Marburg-Biedenkopf – Der Landkreis Marburg-Biedenkopf und mit ihm seine Städte und Gemeinden müssen sich im laufenden Jahr nicht auf größere Veränderungen beim Kommunalen Finanzausgleich (KFA) einstellen. Das teilte Landrätin Kirsten Fründt in Marburg mit nachdem das Finanzministerium die ersten vorläufigen Festsetzungen für das Jahr 2016 vorgenommen hat.

„Wichtigstes Ergebnis für den Landkreis Marburg-Biedenkopf ist, dass die im Kreishaushalt 2016 eingeplanten Hebesätze für die Kreis- und Schulumlage nunmehr bis auf die zweite Nachkommastelle vom Ministerium bestätigt worden sind“, erklärte Landrätin Kirsten Fründt am Dienstag in Marburg. „Bei der Kreisumlage war bekannt, dass uns das Ministerium einen aus dem Aufkommen des Jahres 2015 errechneten Hebesatz vorgibt, der exakt der Planwertermittlung vom Oktober von 39,83 Prozent gegenüber der Stadt Marburg und 33,26 Prozent gegenüber allen anderen Städten und Gemeinden im Landkreis entspricht.
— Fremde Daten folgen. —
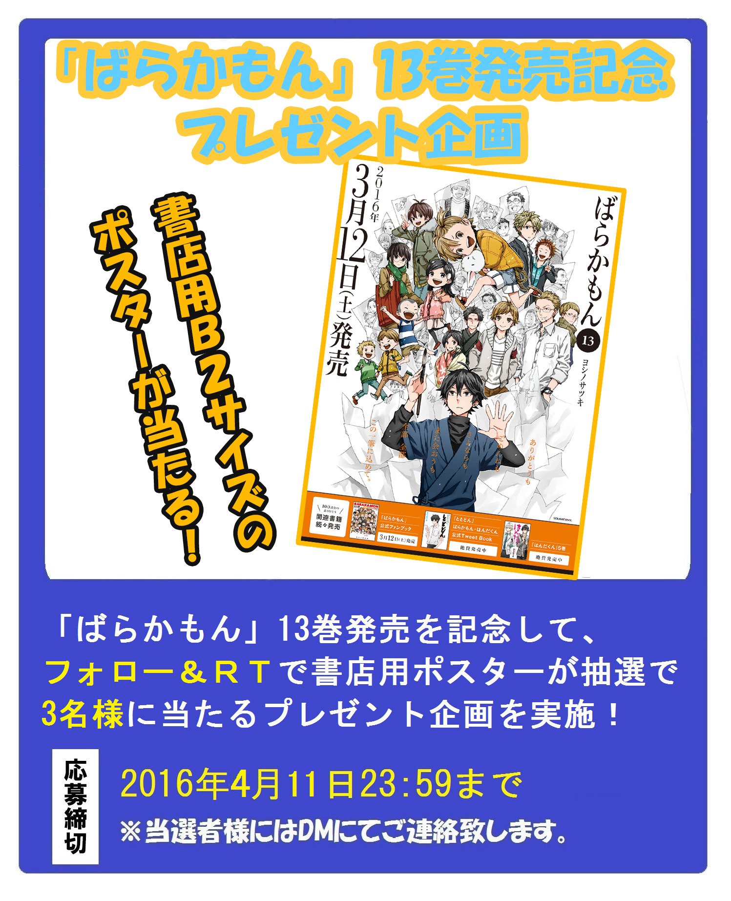 ヨシノサツキ公式 On Twitter ばらかもん最新13巻 公式ファンブック 絶賛発売中です 店舗別描き下ろし特典 ばらかもん100回記念フェアなどの詳しい情報はこちらでチェックを Https T Co 5utlzpk3dd 画像はガンガンに掲載中の記事です Https T Co Xyj1paou5u

Ich freue mich aber umso mehr, dass das Ministerium den Schulumlagehebesatz nun auch mit einem Orientierungswert von 19,75 Prozent berechnet hat, der exakt dem vom Landkreis im Dezember beschlossenen Hebesatz entspricht“, so die Landrätin. Damit sei nun endgültig bestätigt, dass der Landkreis bei der Schulumlage korrekt vorgegangen sei und keine verdeckte Erhöhung vorgenommen habe.

„Wir haben von Beginn an unser Berechnungsverfahren transparent kommuniziert und offen gelegt, warum wir auf einen Hebesatz von 19,75 Prozent kommen, der um 0,2 Prozent über dem Orientierungswert des Ministeriums vom Oktober lag. Dass nun auch die Fachleute aus dem Finanzministerium in der konkreten Berechnung auf diesen Wert kommen, bestätigt unser Vorgehen und zeigt, dass die Unterstellungen und Mutmaßungen, der Landkreis nutze die KFA-Reform für eine verdeckte Hebesatzerhöhung, fehl am Platz waren“, sagte die Landrätin.
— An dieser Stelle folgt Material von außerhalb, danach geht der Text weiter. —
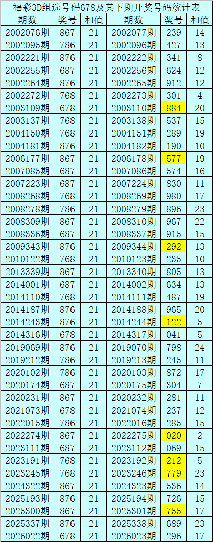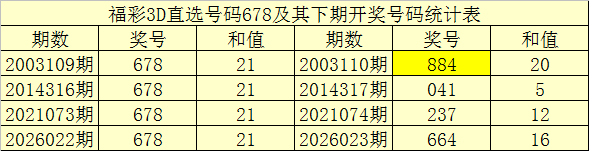 一、开奖回顾:第2026022期福彩3D奖号为678。奖号奇偶比为1:2,和值为:21,跨度为:2。

Unter dem Strich ergeben sich für den Landkreis Mindereinnahmen von rund 40.000 Euro. Der Übergangsfonds für den Landkreis fällt gegenüber den Plandatenberechnungen des Ministeriums vom Oktober mit nur noch 2,3 Millionen Euro um 500.000 Euro niedriger aus. Kompensiert wird die deutliche Verschlechterung aber durch ein Plus bei der Sonderzuweisung für Flüchtlinge (+ 300.000 Euro) und Einsparungen bei der LWV- und Krankenhausumlage (-200.000 Euro).

Geringe Verluste von rund 40.000 Euro ergeben sich für den Landkreis bei den Einnahmen aus Schlüsselzuweisungen und der Kreisumlage aufgrund von leicht veränderten Umlagegrundlagen.

Auch für die Städte und Gemeinden im Landkreis würden sich keine größeren Veränderungen ergeben, sagte die Landrätin. Zwar reduzierten sich deren Schlüsselzuweisungen in Summe um rund 68.000 Euro. Dem stünden aber geringere Abführungen an den Landkreis gegenüber, so dass größere Einschnitte ausblieben. Auch die von den Städten Marburg und Stadtallendorf zu zahlenden Solidaritätsumlagen würden sich nur geringfügig erhöhen, so dass die kommunale Ebene im Landkreis Marburg-Biedenkopf zwar keine Verbesserungen erfahre andererseits aber auch vor bösen Überraschungen verschont bleibe.

„Die Plandatenberechnungen des Finanzministeriums vom Oktober waren sehr genau und wie sich jetzt bewiesen hat eine verlässliche Grundlage für unsere Haushaltsplanungen, so dass insoweit in Bezug auf den KFA Planungssicherheit für das Haushaltsjahr 2016 besteht“, so Kirsten Fründt in ihrer Stellungnahme zu den neuen Zahlen aus Wiesbaden.